As I write this post, the roubelitte cocktail ring on my finger catches light, refracting it into pink rays. When I wear it, I can see people’s eyes following the trajectory of my hands, pink reflexes in their irises. It’s not so much the gem itself but rather the seize of the ring, its unapologetic boldness is what catches strangers’ attention.
It’s showy, almost balancing on the verge of vulgarity, making one and one statement only. There is no denying that it’s a grown up piece. That’s not to say that you are only allowed to wear it over a certain age. It’s more to do with an attitude, a swagger if you like. Best seen in a company of a martini glass, it announces to the world that the owner’s sole purpose tonight is to have fun.
But what do I wear it with? Going through my wardrobe in search of an appropriate outfit I realise that it’s the ring that choses the dress not the other way around. And that it hates competition. The ring is a star in it’s own right.

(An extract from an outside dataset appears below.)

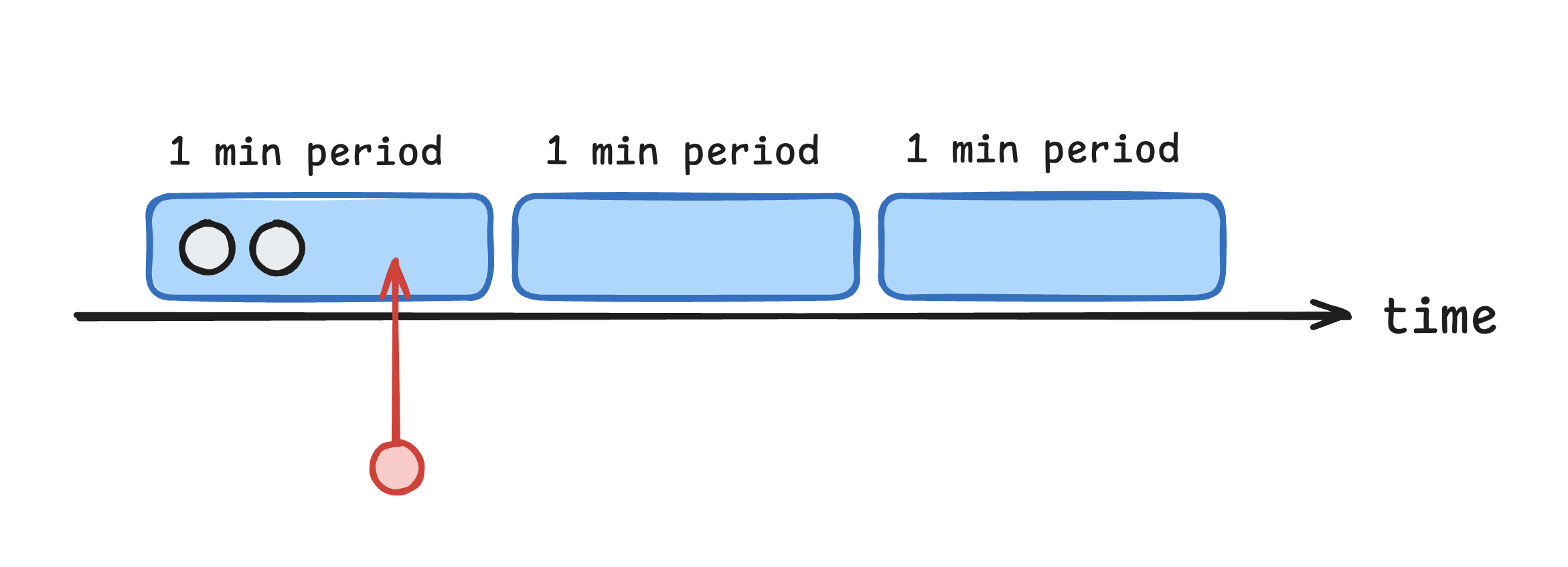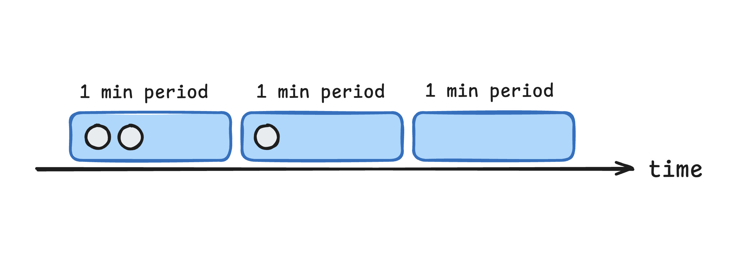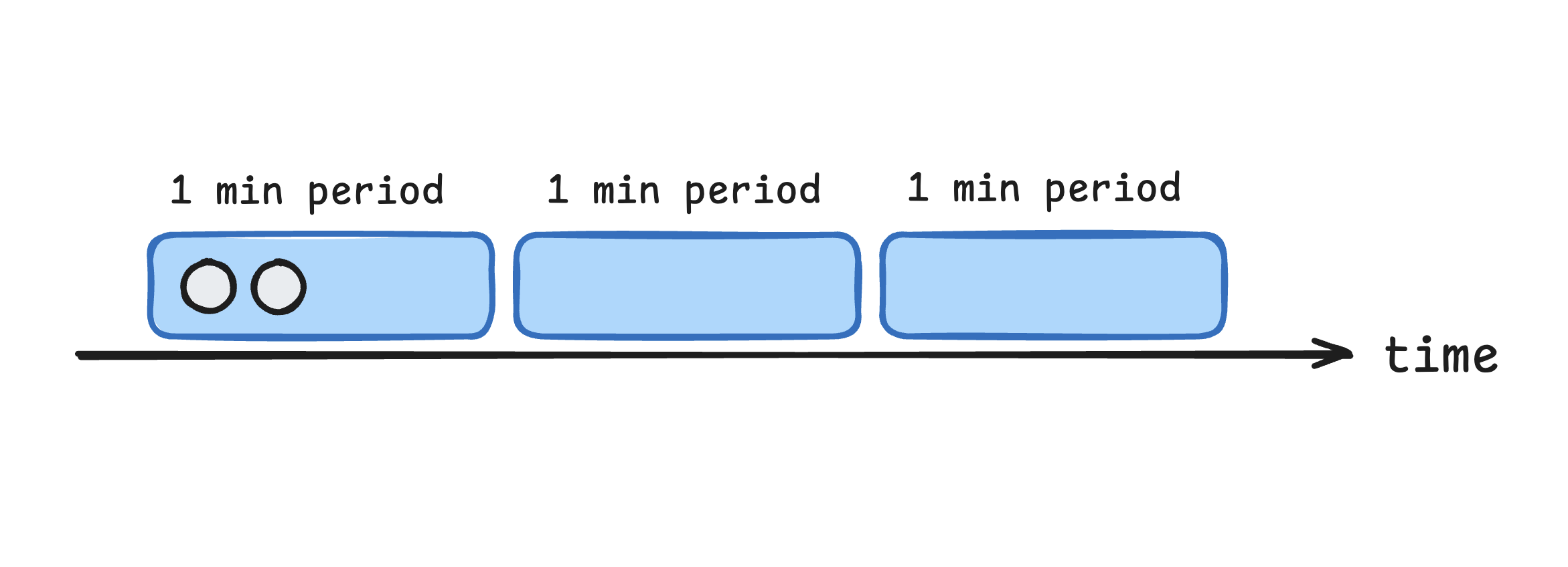 The first 2 requests within the minute are executed immediately:

Finally, I settle on a Ralph Lauren one shoulder column dress, beautifully cut but incredibly plain canvas to set the ring against it. I decide to take off all my other jewelry save for my wedding band. Suddenly ALL you see is my cocktail ring.
It’s looks obscene- says The French, busy tucking white shirt into his trousers and reaching for his tuxedo. We must go. Driving along Thames River I think of the opulence of tsarist Russia, of Faberge eggs, sumptuous velvets and glossy furs. Is opulence on par with obscenity? I guess on one level it might be. One ring. So many contexts.